◆ WORK TO BE COMPLETED ◆
Once the pictures are set aside, reproduce the entries below exactly.

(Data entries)
^^^^

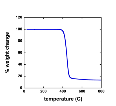 Measured with a TA Instruments Q5000 TGA at a ramp rate of 20C/min. DOWNLOAD DATA FILES Temp (C)% Weight Change
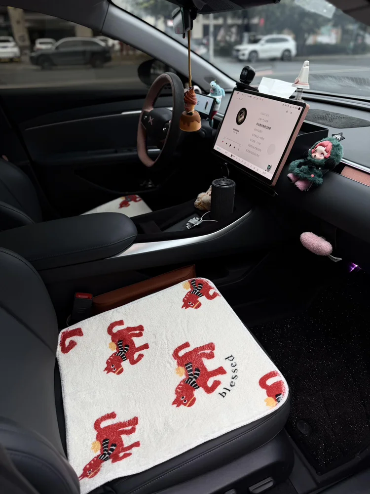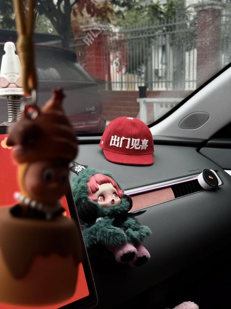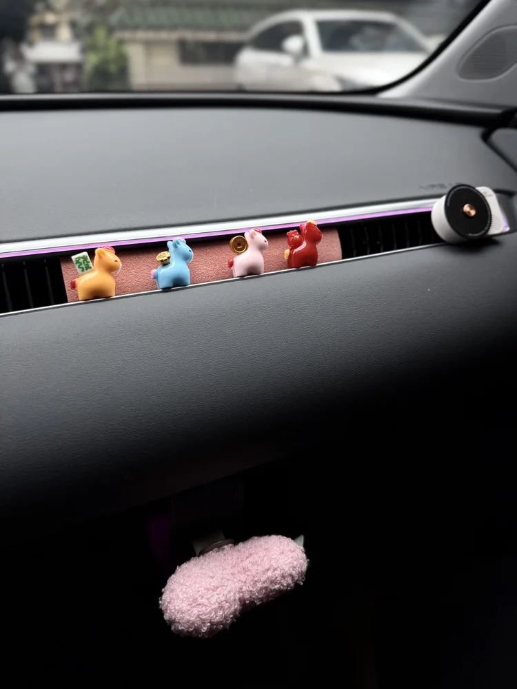 仪表台是我最花心思的地方。从前,这里有圣诞小喵乐队,有可口可乐的香薰,还有那些可爱的小毛线帽。现在,它们都被一套马年主题摆件取代。中央是一棵用红金两色丝线编织的迷你摇钱树,树下站着两匹戴着圣诞帽的小马,一匹在“弹吉他”,另一匹在“打鼓”,组成了我的专属“马年乐队”。旁边的香薰也换成了马头造型,随着空调的微风散发出淡淡的木质香气,整个车厢都充满了既复古又新潮的年味。
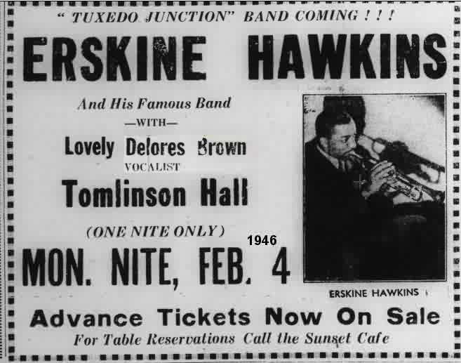 The Sub-Deb Social Club aided by promoter Rob Wright of the Brown Derby Cafe will bring "Tuxedo Junction" to Beal [sic] Street on July 5. Erskine Hawkins and his famous band coupled with Miss Delores Brown featured vocalist, plus the soothing voice of Jimmy Mitchell, will demonstrate to Memphians just how and why they are now one of the nation's topnotch sepia attractions. Delores is an Ellington find, having been employed in 1938 to temporarily fill the bill during the illness of his singing star, Ivy [sic] Anderson. Dee as she is affectionately called clicked immediately in 1939 she was signed by Tate and both leaped into prominence with the popularity of the now famous song "Tuxedo Junction." [Yes, that was all one sentence with no punctuation.] As usual the Church Park Auditorium will be the scene of the attraction.
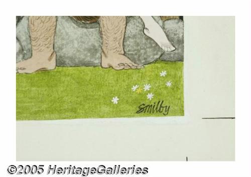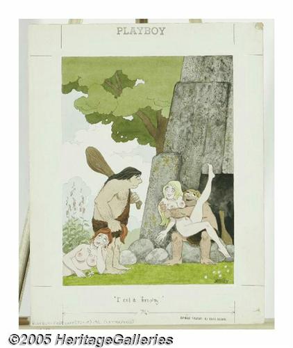 <B>FRANCIS WILFORD SMITH (American b.1927)</B></I> <BR>Original Cartoon Illustration <BR>Playboy, February, 1973 <BR>Caption: 'I call it 'fore-play!' <BR>Ink and watercolor on illustration board <BR>12.5in. x 9.5in. (sight size) <BR>Signed lower right: Smilby <BR><BR>This cartoon was exhibited in a traveling exhibition through Germany, titled <I>Cartoon Klassiker</B></I> in 1999. <BR>
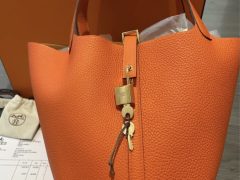 愛馬仕女包菜籃子水桶包手提包 Hermes Picotin Lock 22 Orange Clemence
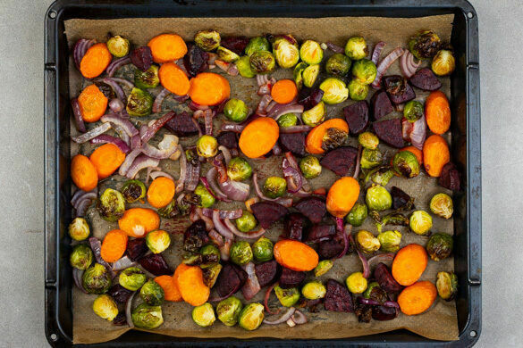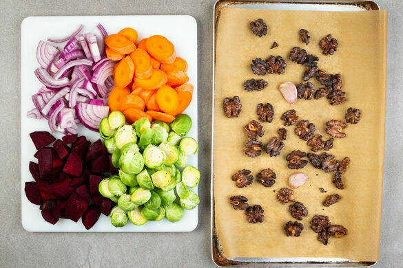 Den Backofen auf 220°C (200°C Umluft) vorheizen. Den ungeschälten Knoblauch und die Walnüsse auf einem mit Backpapier ausgelegten Backblech für ca. 10Min. in den noch vorheizenden Ofen geben. Die Rote Bete und die Zwiebeln schälen und in ca. 2cm breite Spalten schneiden. Die Karotten ggf. schälen und schräg in dünne Scheiben schneiden. Größere Rosenkohlröschen halbieren.

^^^^

◆ SOLUTION FOR THIS EXERCISE ◆
 Measured with a TA Instruments Q5000 TGA at a ramp rate of 20C/min. DOWNLOAD DATA FILES Temp (C)% Weight Change
 仪表台是我最花心思的地方。从前,这里有圣诞小喵乐队,有可口可乐的香薰,还有那些可爱的小毛线帽。现在,它们都被一套马年主题摆件取代。中央是一棵用红金两色丝线编织的迷你摇钱树,树下站着两匹戴着圣诞帽的小马,一匹在“弹吉他”,另一匹在“打鼓”,组成了我的专属“马年乐队”。旁边的香薰也换成了马头造型,随着空调的微风散发出淡淡的木质香气,整个车厢都充满了既复古又新潮的年味。
 The Sub-Deb Social Club aided by promoter Rob Wright of the Brown Derby Cafe will bring "Tuxedo Junction" to Beal [sic] Street on July 5. Erskine Hawkins and his famous band coupled with Miss Delores Brown featured vocalist, plus the soothing voice of Jimmy Mitchell, will demonstrate to Memphians just how and why they are now one of the nation's topnotch sepia attractions. Delores is an Ellington find, having been employed in 1938 to temporarily fill the bill during the illness of his singing star, Ivy [sic] Anderson. Dee as she is affectionately called clicked immediately in 1939 she was signed by Tate and both leaped into prominence with the popularity of the now famous song "Tuxedo Junction." [Yes, that was all one sentence with no punctuation.] As usual the Church Park Auditorium will be the scene of the attraction.
 <B>FRANCIS WILFORD SMITH (American b.1927)</B></I> <BR>Original Cartoon Illustration <BR>Playboy, February, 1973 <BR>Caption: 'I call it 'fore-play!' <BR>Ink and watercolor on illustration board <BR>12.5in. x 9.5in. (sight size) <BR>Signed lower right: Smilby <BR><BR>This cartoon was exhibited in a traveling exhibition through Germany, titled <I>Cartoon Klassiker</B></I> in 1999. <BR>
 愛馬仕女包菜籃子水桶包手提包 Hermes Picotin Lock 22 Orange Clemence
 Den Backofen auf 220°C (200°C Umluft) vorheizen. Den ungeschälten Knoblauch und die Walnüsse auf einem mit Backpapier ausgelegten Backblech für ca. 10Min. in den noch vorheizenden Ofen geben. Die Rote Bete und die Zwiebeln schälen und in ca. 2cm breite Spalten schneiden. Die Karotten ggf. schälen und schräg in dünne Scheiben schneiden. Größere Rosenkohlröschen halbieren.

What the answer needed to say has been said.